▶ **AVAILABLE DATA**:
------------------------------------
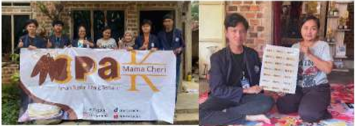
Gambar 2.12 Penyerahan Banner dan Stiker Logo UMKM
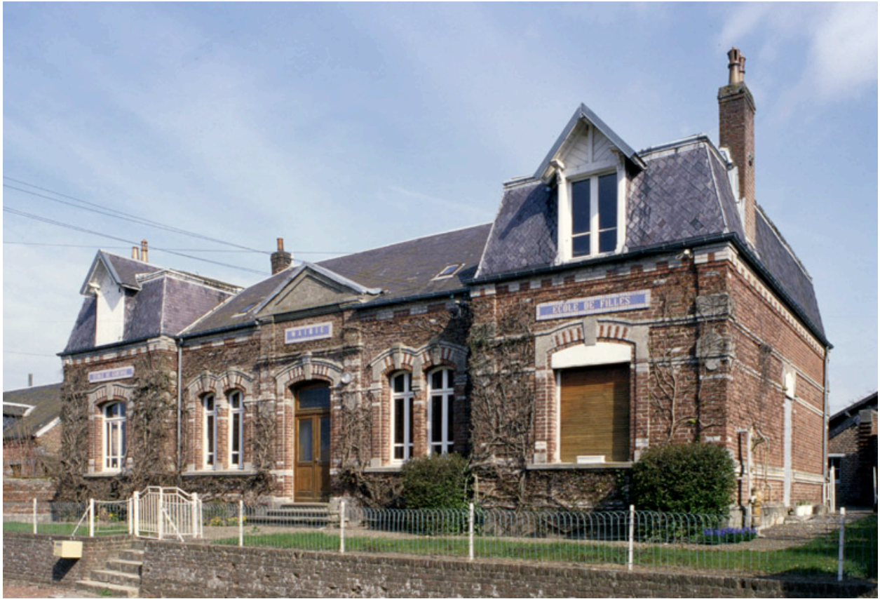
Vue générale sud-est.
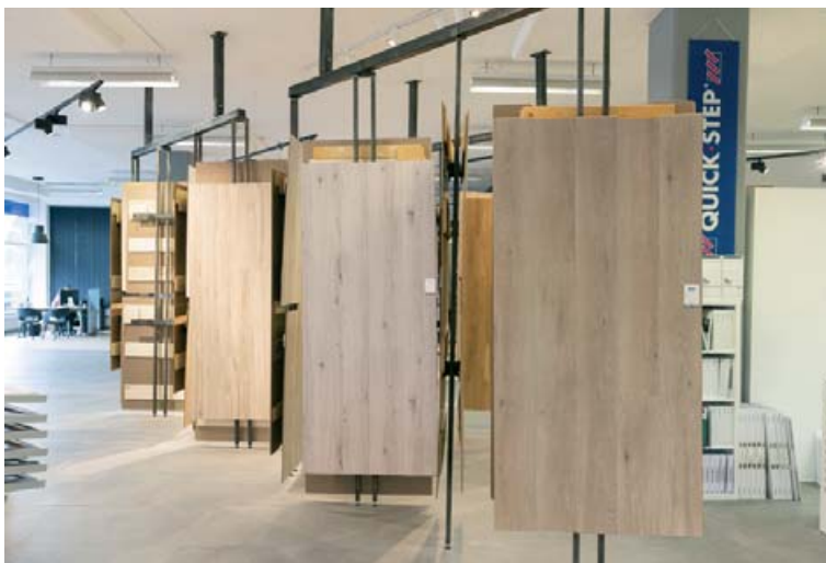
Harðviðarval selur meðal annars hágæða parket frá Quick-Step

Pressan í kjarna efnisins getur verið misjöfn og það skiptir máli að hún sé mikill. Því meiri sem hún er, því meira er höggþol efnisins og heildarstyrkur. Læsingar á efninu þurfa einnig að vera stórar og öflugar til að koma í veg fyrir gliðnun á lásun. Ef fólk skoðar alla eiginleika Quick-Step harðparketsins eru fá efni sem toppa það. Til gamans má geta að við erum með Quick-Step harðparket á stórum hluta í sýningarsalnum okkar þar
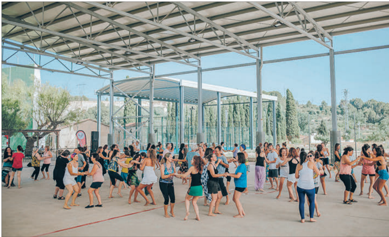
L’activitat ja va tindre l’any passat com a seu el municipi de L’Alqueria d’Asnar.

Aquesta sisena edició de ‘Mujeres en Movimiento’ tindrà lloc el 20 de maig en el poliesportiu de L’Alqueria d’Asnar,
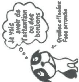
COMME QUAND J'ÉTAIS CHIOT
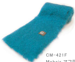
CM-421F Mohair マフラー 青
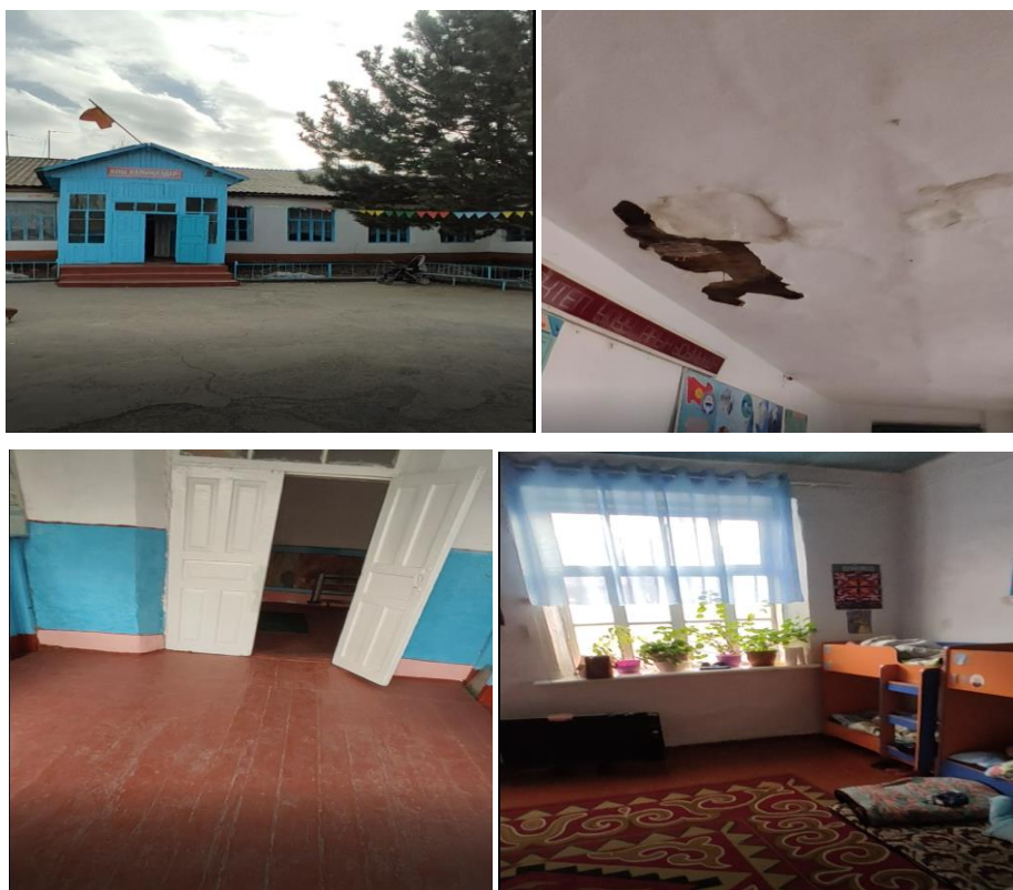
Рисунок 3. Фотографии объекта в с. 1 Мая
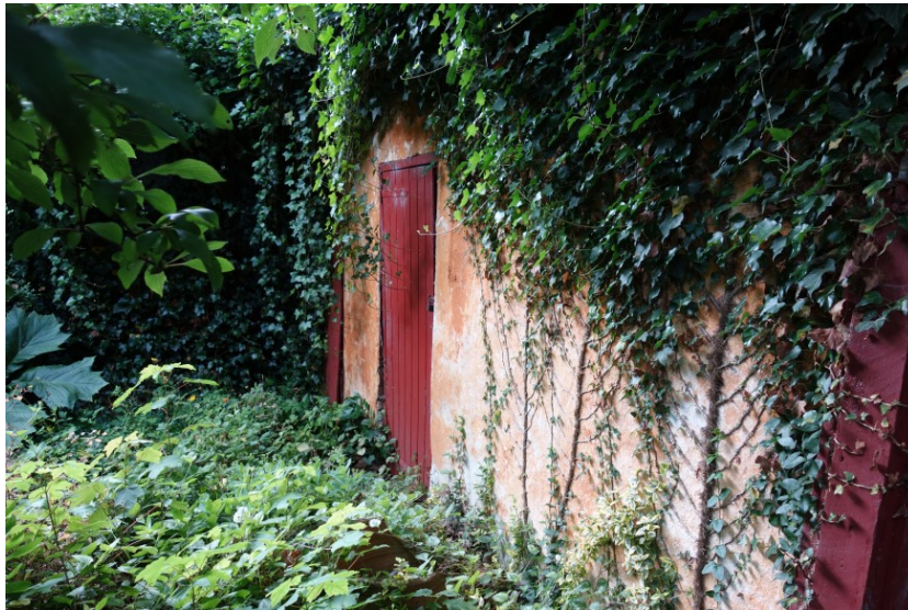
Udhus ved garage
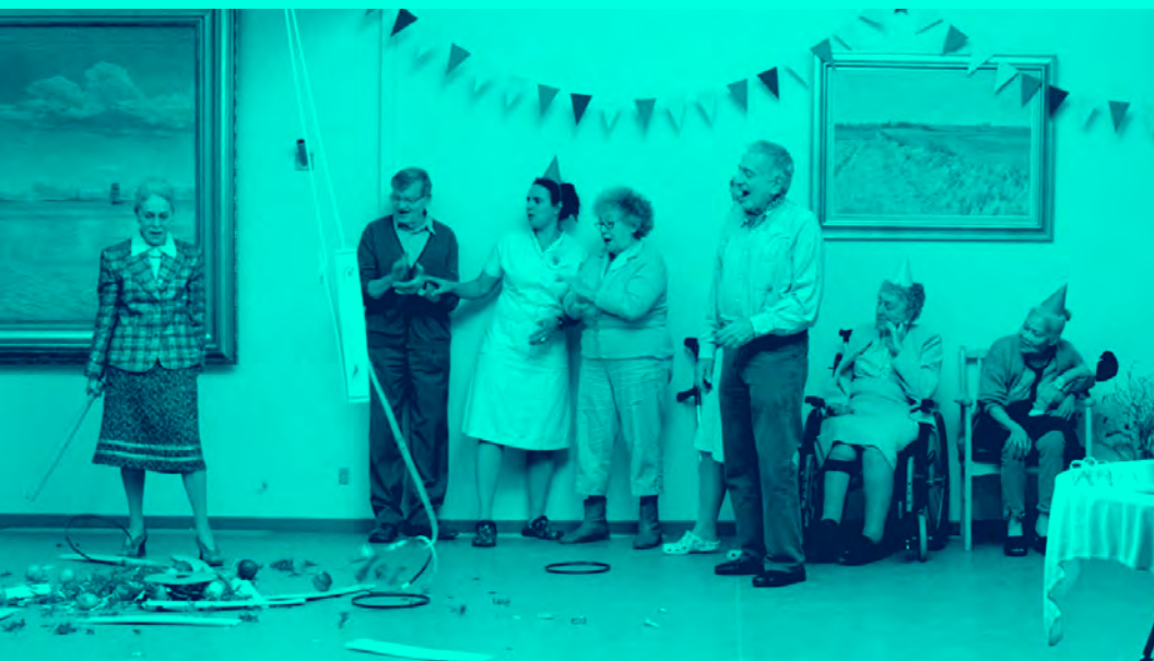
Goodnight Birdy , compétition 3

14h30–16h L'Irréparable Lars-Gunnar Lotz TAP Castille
------------------------------------
▶ **PROBLEM DETAILS**: The lines from the one with "Goodnight Birdy , compétition 3" through the final line of the data are to be reproduced exactly, both included, with no other lines.

▶ **RESPONSE TO THIS TASK**:
Goodnight Birdy , compétition 3

14h30–16h L'Irréparable Lars-Gunnar Lotz TAP Castille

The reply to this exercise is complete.